A bare number is the expected answer: the count of lines in the records that contain the word "Figure".

** Records for this task follows **

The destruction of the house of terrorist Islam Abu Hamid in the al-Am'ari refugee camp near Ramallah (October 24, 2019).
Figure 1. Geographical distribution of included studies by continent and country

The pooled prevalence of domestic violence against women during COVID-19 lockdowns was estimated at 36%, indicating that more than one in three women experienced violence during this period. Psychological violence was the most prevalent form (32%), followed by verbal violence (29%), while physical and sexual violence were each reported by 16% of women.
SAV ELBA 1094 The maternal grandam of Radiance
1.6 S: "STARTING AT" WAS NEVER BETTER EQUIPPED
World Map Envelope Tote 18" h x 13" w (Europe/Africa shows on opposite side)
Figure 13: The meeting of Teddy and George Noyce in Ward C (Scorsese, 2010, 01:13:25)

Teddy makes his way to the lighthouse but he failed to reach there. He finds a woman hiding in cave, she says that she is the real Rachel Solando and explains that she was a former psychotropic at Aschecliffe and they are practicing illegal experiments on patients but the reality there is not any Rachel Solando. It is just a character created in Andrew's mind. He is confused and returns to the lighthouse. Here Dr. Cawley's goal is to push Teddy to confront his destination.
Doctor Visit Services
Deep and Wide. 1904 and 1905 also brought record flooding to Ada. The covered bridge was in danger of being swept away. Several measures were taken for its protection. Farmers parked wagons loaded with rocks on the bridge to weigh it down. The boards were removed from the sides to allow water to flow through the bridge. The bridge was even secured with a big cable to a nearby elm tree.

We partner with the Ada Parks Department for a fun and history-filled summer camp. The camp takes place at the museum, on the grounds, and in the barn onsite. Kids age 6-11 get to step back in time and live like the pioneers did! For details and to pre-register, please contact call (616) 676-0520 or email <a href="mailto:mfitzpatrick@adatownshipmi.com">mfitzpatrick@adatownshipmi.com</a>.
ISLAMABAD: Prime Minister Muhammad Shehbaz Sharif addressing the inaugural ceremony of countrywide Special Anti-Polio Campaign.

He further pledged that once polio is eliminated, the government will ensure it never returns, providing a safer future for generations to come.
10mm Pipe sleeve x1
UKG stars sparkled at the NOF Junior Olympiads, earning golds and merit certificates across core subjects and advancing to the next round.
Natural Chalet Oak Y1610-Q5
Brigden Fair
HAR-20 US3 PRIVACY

** End of Records for this task **
** Records for this task follows **

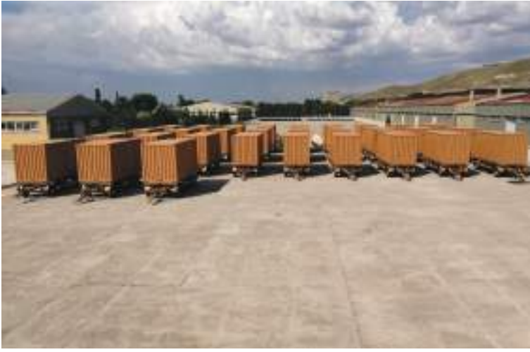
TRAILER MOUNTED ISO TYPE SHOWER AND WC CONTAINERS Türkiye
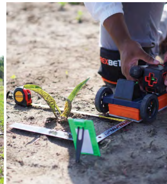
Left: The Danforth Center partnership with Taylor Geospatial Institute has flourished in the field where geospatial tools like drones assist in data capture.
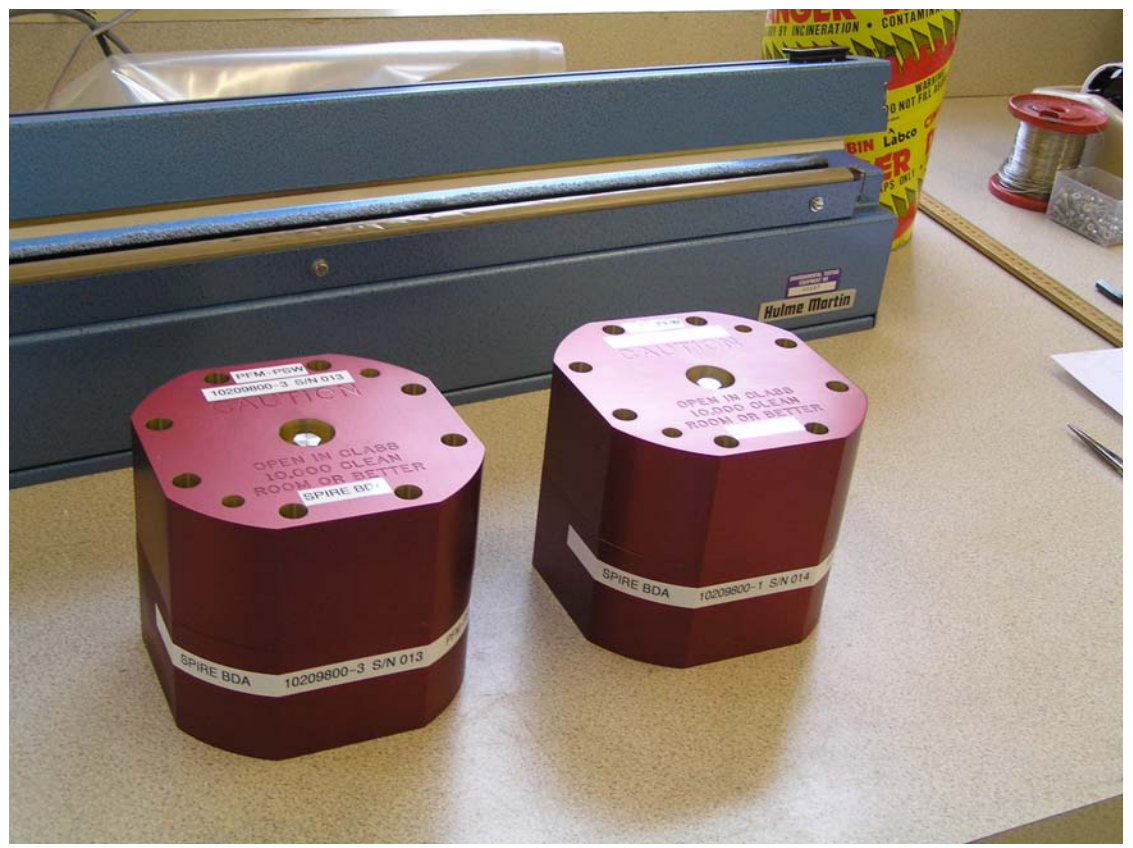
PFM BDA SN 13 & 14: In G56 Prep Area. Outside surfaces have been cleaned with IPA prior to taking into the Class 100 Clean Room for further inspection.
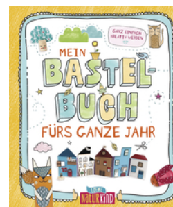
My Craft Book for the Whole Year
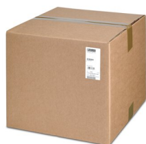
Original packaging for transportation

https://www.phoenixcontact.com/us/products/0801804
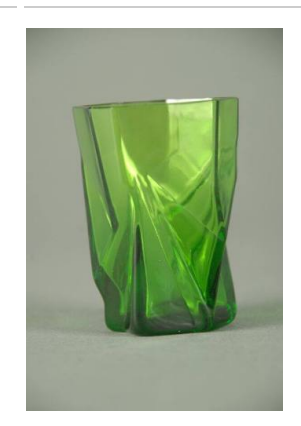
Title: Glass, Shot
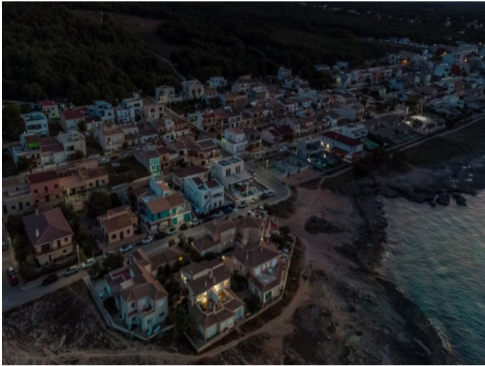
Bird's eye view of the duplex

** End of Records for this task **

▶ [Exercise output] 2